> _Your task_:
Leaving the pictures aside, restate all of the data exactly.

> _Material provided_:
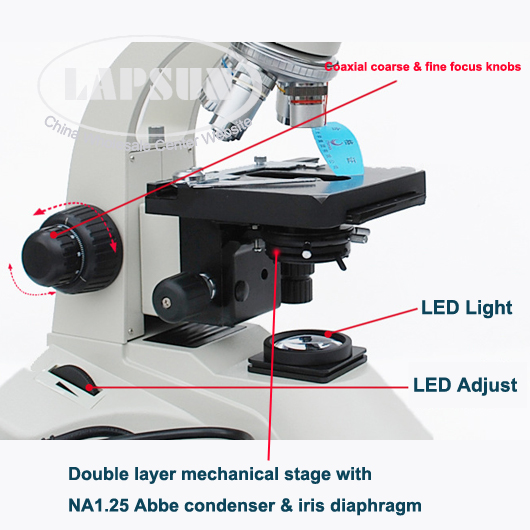 - Double layer mechanical stage with NA1.25 Abbe condenser & iris diaphragm
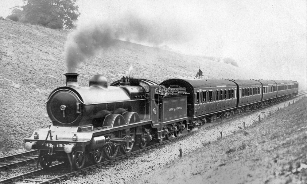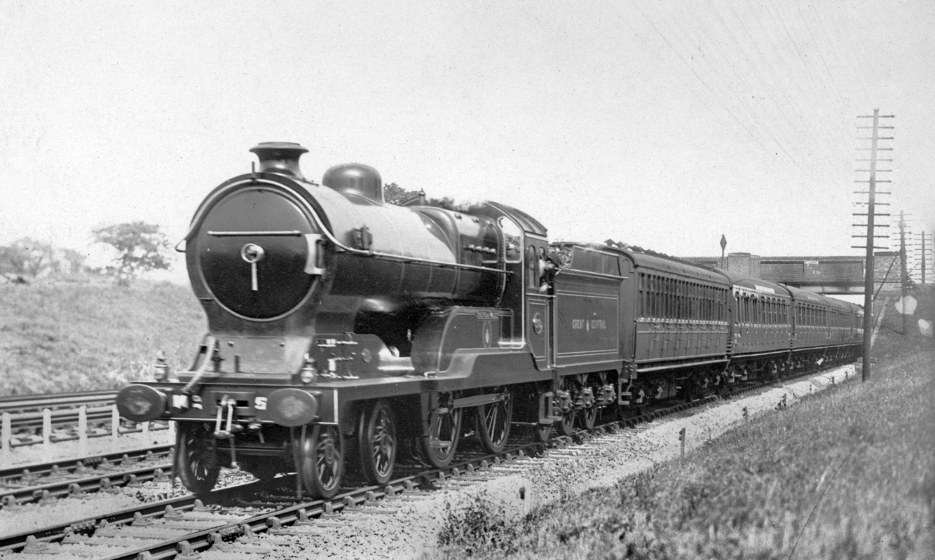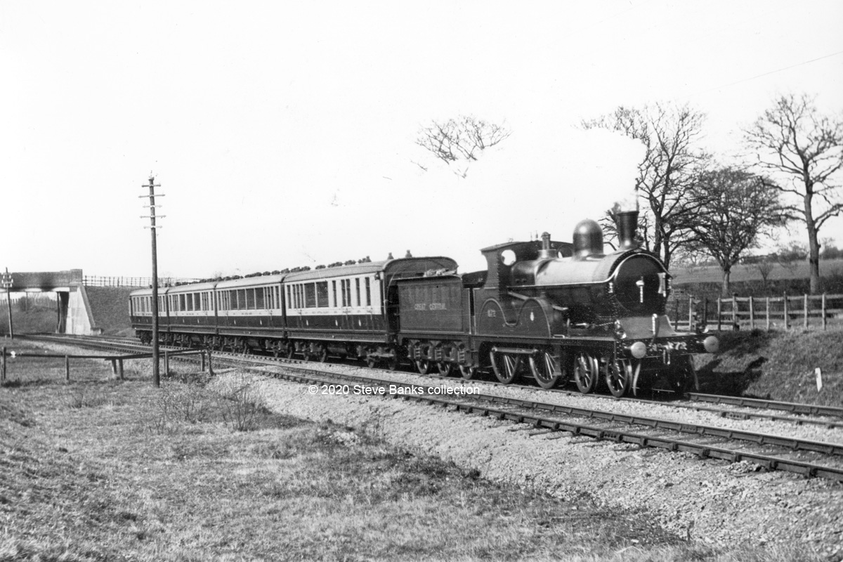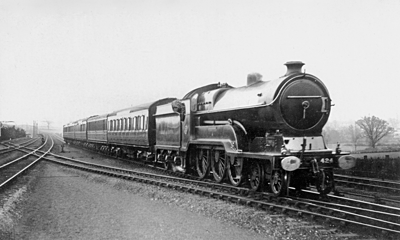 GCR Class 1 No 427 was captured in 1921 when, for a few months, oil firing was tried. The train was probably a Marylebone-Manchester and it's possible to see a 6-coach train with catering, at the head of which three strengtheners without destination boards had been added.
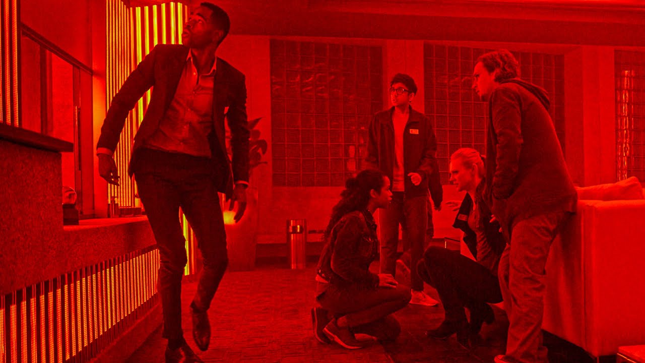 The beeping continues and the electrical charge starts building, it kills the first man before he can speak again. Everyone is panicking now, but as they are calming down the guy in the hat figures out that he's controlling the lights on the floor. The light stops in front of a woman and the electricity zaps her.

> _Answer section_:
 - Double layer mechanical stage with NA1.25 Abbe condenser & iris diaphragm
 GCR Class 1 No 427 was captured in 1921 when, for a few months, oil firing was tried. The train was probably a Marylebone-Manchester and it's possible to see a 6-coach train with catering, at the head of which three strengtheners without destination boards had been added.
 The beeping continues and the electrical charge starts building, it kills the first man before he can speak again. Everyone is panicking now, but as they are calming down the guy in the hat figures out that he's controlling the lights on the floor. The light stops in front of a woman and the electricity zaps her.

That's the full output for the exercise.